1.3 The Proof of Proposition 4

Proof

If \(k=0\), after restarting \(n-1\) times (\(n\ge 1\)), there are three cases in which Algorithm 3 goes to step 6 and returns the result before it goes back to step 2 again.

1. (1)

   \(f=-1\) with probability

   $$\begin{aligned} \left( \frac{1}{2}\right) ^n\left( \frac{x^{n-1}}{(n-1)!}\right) x^{n-1}, \end{aligned}$$

   and at a cost of

   $$\begin{aligned} \sum _{n=1}^{\infty }\left( \frac{1}{2}\right) ^n\left( \frac{x^{n-1}}{(n-1)!}\right) x^{n-1}(2n-2) \end{aligned}$$

   (4)

   uniform deviates.

2. (2)

   \(z>y\) with probability

   $$\begin{aligned} \left( \frac{1}{2}\right) ^nx^{n-1}\left( \frac{x^{n-1}}{(n-1)!}-\frac{x^n}{n!}\right) , \end{aligned}$$

   and at a cost of

   $$\begin{aligned} \sum _{n=1}^{\infty }\left( \frac{1}{2}\right) ^nx^{n-1}\left( \frac{x^{n-1}}{(n-1)!}-\frac{x^n}{n!}\right) (2n-1) \end{aligned}$$

   (5)

   uniform deviates.

3. (3)

   \(f=0\) and \(r>x\) with probability

   $$\begin{aligned} \left( \frac{1}{2}\right) ^nx^{n-1}\left( \frac{x^n}{n!}\right) (1-x), \end{aligned}$$

   and at a cost of

   $$\begin{aligned} \sum _{n=1}^{\infty }\left( \frac{1}{2}\right) ^nx^{n-1}\left( \frac{x^n}{n!}\right) (1-x)(2n) \end{aligned}$$

   (6)

   uniform deviates.
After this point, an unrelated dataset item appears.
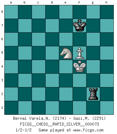 Last move : 1/2-1/2 2012 May 23 7:4:3 [Event "FICGS__CHESS__RAPID_SILVER__000073"] [Site "FICGS"] [Date "2011.09.05"] [Round "1"] [White "Bernal Varela,Nelson"] [Black "Gazi,Miroslav"] [Result "1/2-1/2"] [WhiteElo "2174"] [BlackElo "2291"] 1.e4 c5 2.Nf3 d6 3.d4 cxd4 4.Nxd4 Nf6 5.Nc3 a6 6.Bg5 e6 7.Be2 Be7 8.Qd3 h6 9.Bd2 O-O 10.O-O Qc7 11.Rfd1 b5 12.b4 Nbd7 13.a4 bxa4 14.Qg3 Kh8 15.Rxa4 Bb7 16.f3 Rfd8 17.Bf1 Nb6 18.Ra3 Nh5 19.Qh3 Nf6 20.Qg3 Nc4 21.Bxc4 Qxc4 22.Nce2 Qc7 23.Rc1 Rac8 24.b5 d5 25.Qxc7 Rxc7 26.R3a1 Ra8 27.exd5 Nxd5 28.c4 Nb6 29.Ba5 Bc5 30.Kf1 axb5 31.cxb5 Bd5 32.Bxb6 Bxb6 33.Rxa8+ Bxa8 34.Nc6 g5 35.Rc4 Kg7 36.Nc3 f5 37.Na4 Be3 38.Ne5 Re7 39.b6 Bf4 40.Nc6 Rd7 41.Nc5 Rd1+ 42.Ke2 Rd2+ 43.Ke1 Rxg2 44.Nxe6+ Kf6 45.Nxf4 gxf4 46.Rc5 Rxh2 47.Nd4 Rb2 48.Rxf5+ Kg6 49.Rxf4 Rxb6 50.Rg4+ Kf6 51.Kf2 Rb2+ 52.Ke3 Rb8 53.Rf4+ Kg6 54.Rg4+ Kf7 55.Rg2 h5 56.Rg5 Rh8 57.Rf5+ Kg6 58.Kf4 h4 59.Ne6 h3 60.Nf8+ Kg7 61.Ne6+ Kh6 62.Kg4 Kg6 63.Nf4+ Kg7 64.Kg5 Rh6 65.Ra5 h2 66.Ra7+ Kf8 67.Rxa8+ Ke7 68.Nd5+ Kd7 69.Ra7+ Kc8 70.Ra1 h1Q 71.Rxh1 Rxh1 72.f4 Rf1 73.Nf6 Kc7 74.f5 Kd6 75.Ng4 Ke7 76.Ne3 Rf3 77.Ng4 Rg3 78.Kf4 Rh3 79.Ne5 Rh1 80.Kg5 Rg1+ 81.Ng4 Rg2 82.Kf4 Ra2 83.Ne5 Ra8 84.Ng4 Ra4+ 85.Kg5 Ra5 86.Kg6 Ra3 87.Kg5 Rd3 88.Ne5 Rg3+ 89.Kf4 Rg2 90.Ng4 Kf7 91.Ne5+ 1/2-1/2 Sicilian : Najdorf, 6...e6 Kingside Castling by player Black (move 9) Kingside Castling by player White (move 10) 10 pieces endgame at move 48 : White KRNPP , Black KRBPP WHITE : King + 1 Rook 1 Knight 2 Pawns BLACK : King + 1 Rook 1 Bishop 2 Pawns 9 pieces endgame at move 49 : White KRNPP , Black KRBP WHITE : King + 1 Rook 1 Knight 2 Pawns BLACK : King + 1 Rook 1 Bishop 1 Pawn 8 pieces endgame at move 49 : White KRNP , Black KRBP WHITE : King + 1 Rook 1 Knight 1 Pawn BLACK : King + 1 Rook 1 Bishop 1 Pawn 7 pieces endgame at move 67 : White KRNP , Black KRP WHITE : King + 1 Rook 1 Knight 1 Pawn BLACK : King + 1 Rook 1 Pawn Promotion Queen by player Black (move 70) 6 pieces endgame at move 71 : White KRNP , Black KR WHITE : King + 1 Rook 1 Knight 1 Pawn BLACK : King + 1 Rook 5 pieces endgame at move 71 : White KNP , Black KR WHITE : King + 1 Knight 1 Pawn BLACK : King + 1 Rook This chess game ended in a draw. Follow this game move after move (download)The blunders are all there on the board, waiting to be made. (Savielly Tartakover) Ein Teil des Fehlers ist immer korrekt. (Savielly Grigorievitsch Tartakower) Aún el Rey más flojo huye despavorido ante la amenaza de un Jaque doble. (Aaron Nimzowitsch) Les Echecs représentent une sphère d'idées créatrices basée sur la volonté des deux protagonistes. (Smyslov) Hold em is to stud what chess is to checkers. (Johnny Moss)

Therefore, when \(k=0\), by summing Eqs. (4)–(6), we have the expected number of uniform deviates used by Algorithm 3, which can be reduced to a function of x:

   $$\begin{aligned} \frac{(x+2)\cdot \tau _0(x)-2}{2x}, \end{aligned}$$

   where \(\tau _0(x)=\exp (\frac{x^2}{2})\). \(\square \)